All of my work leading up to that vote proved fruitful.  I had spent the entire winter and spring organizing over twenty legislative house meetings between constituents, state representatives and state senators where constituents explained the importance of marriage equality in their own lives. The meetings greatly impacted the legislators’ votes in Judiciary Committee. Further, the entire marriage equality movement in the United States was waiting to see if Connecticut would become the second state to win an affirmative vote on the bill in the legislature.

As the roll call came in, I frantically wrote down the results.  With tremendous pride, I could not believe my eyes as I reviewed the tally: “yea” 27, “nay” 15.  The Connecticut State Legislature Judiciary Committee passed H.B. 7395 by a solid margin[1].

Around that same time I had another moment to reflect on this fight – the same fight fought by my parents and the couple in Loving.  The Connecticut Supreme Court heard oral arguments in the marriage equality case of Kerrigan & Mock v. CT Department of Public Health.   I was there for the argument and watched the plaintiffs’ attorney Ben Klein argue that the denial of marriage equality fails to provide Connecticut citizens with equal treatment. As I listened to his eloquent constitutional references, my thoughts were mixed.  I was angry that this battle was still being waged, but glad that I live in a time and place where I can openly fight against such injustices and inequality.
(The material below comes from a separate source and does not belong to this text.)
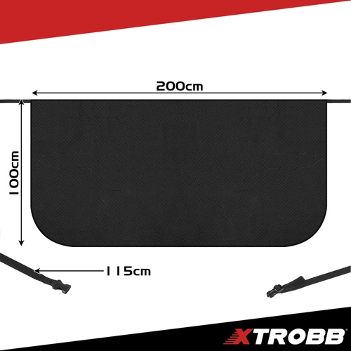 Praktická antimrazová clona XTROBB s rozmermi 200 × 100 cm chráni čelné sklo pred ľadom, snehom a námrazou. Vďaka vodoodolnému a mrazuvzdornému materiálu sa na sklo neprilepí, rýchlo ju zložíte bez škrabania a šetrite čas aj sklo bez rýh od škrabky. Nastaviteľný popruh s klipom a uchytenie cez dvere stabilizujú clonu aj vo vetre – ideálne pre SUV, VAN a BUS.
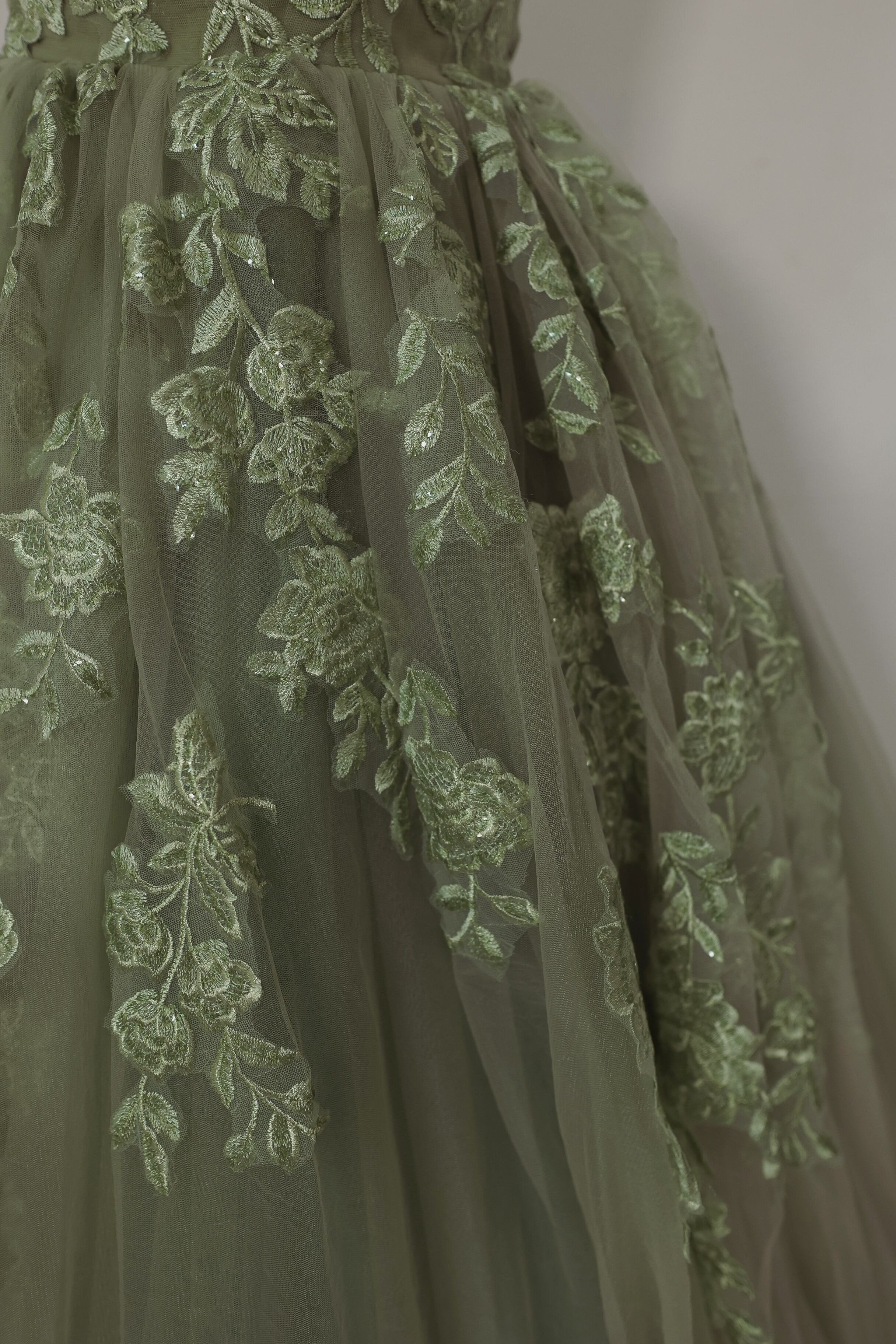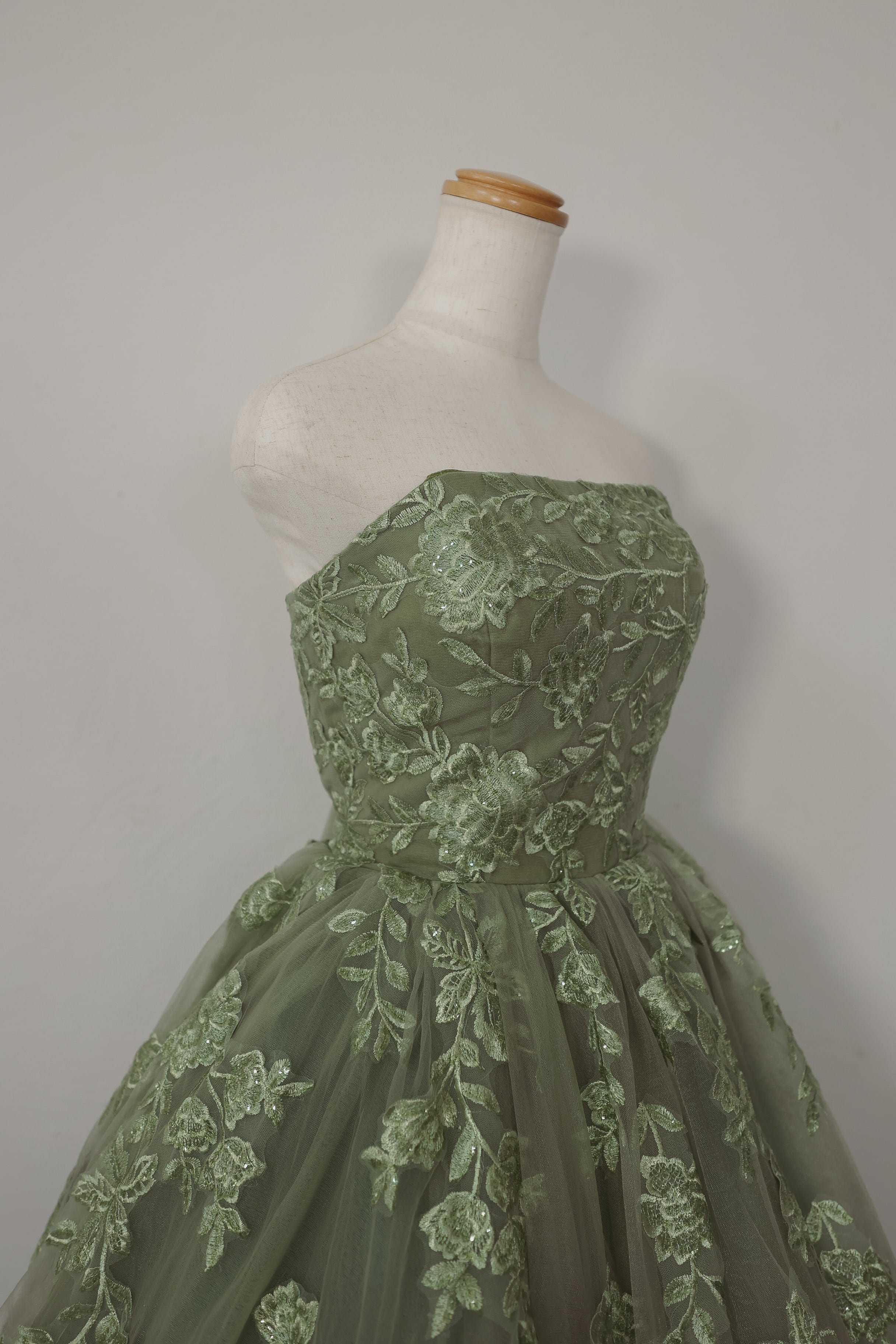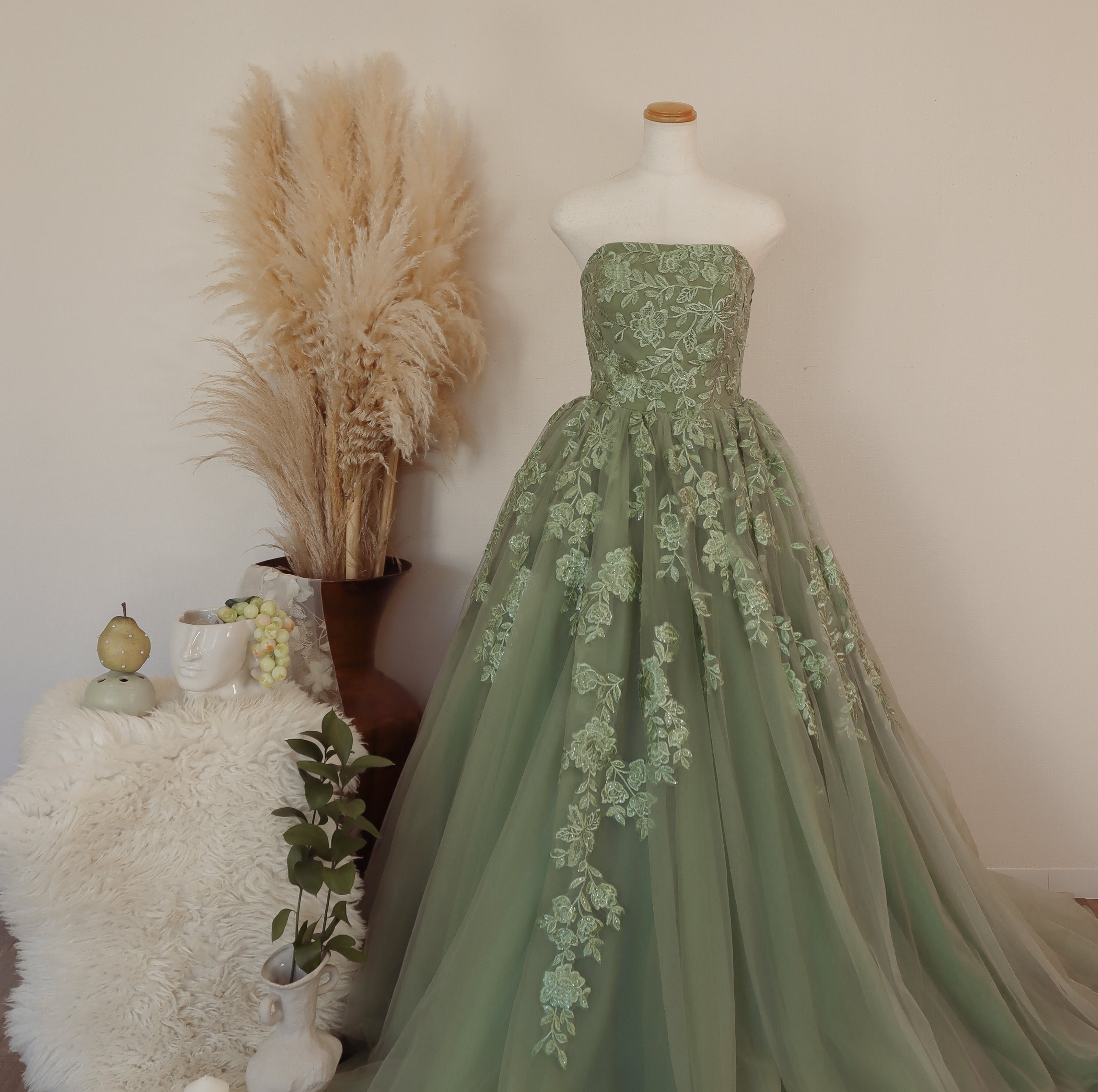 送料無料!高品質!花柄のモチーフ刺繍が美し カラードレス 華やかなトレーン /結婚式/披露宴

As for the current state of my parents’ plight, today in India the caste system has been banned per the Indian Constitution.  Although the caste system still unofficially exists, many people are straying from it.  As for interracial couples, there are still parts of the United States where interracial marriages are discouraged, but interracial marriage is no longer illegal.  In regards to the GLBT community, Massachusetts is the only state to provide marriage equality, but many states are awarding various levels of rights and protections for gay, lesbian, bisexual, and transgender individuals.

A legal education will allow me to be a more effective component of this campaign in the state.  The movement is very active in Connecticut and my previous organizing and legislative work will be a particularly useful asset in making more headway; I am very drawn to such potential. As I have explained elsewhere in this application package, I have withstood many personal and financial obstacles on my way to law school. I have a voice, the ability to reason with a blend of passion and respect, and I know that I can make a great contribution both in the classroom and, later, in my career.

I cannot change all of society’s views or the law overnight, but I can be a part of the steps towards such change, just as my parents and the Lovings have been.

One wedding picture at a time.







[1] Although history was made that day, the bill did not progress further.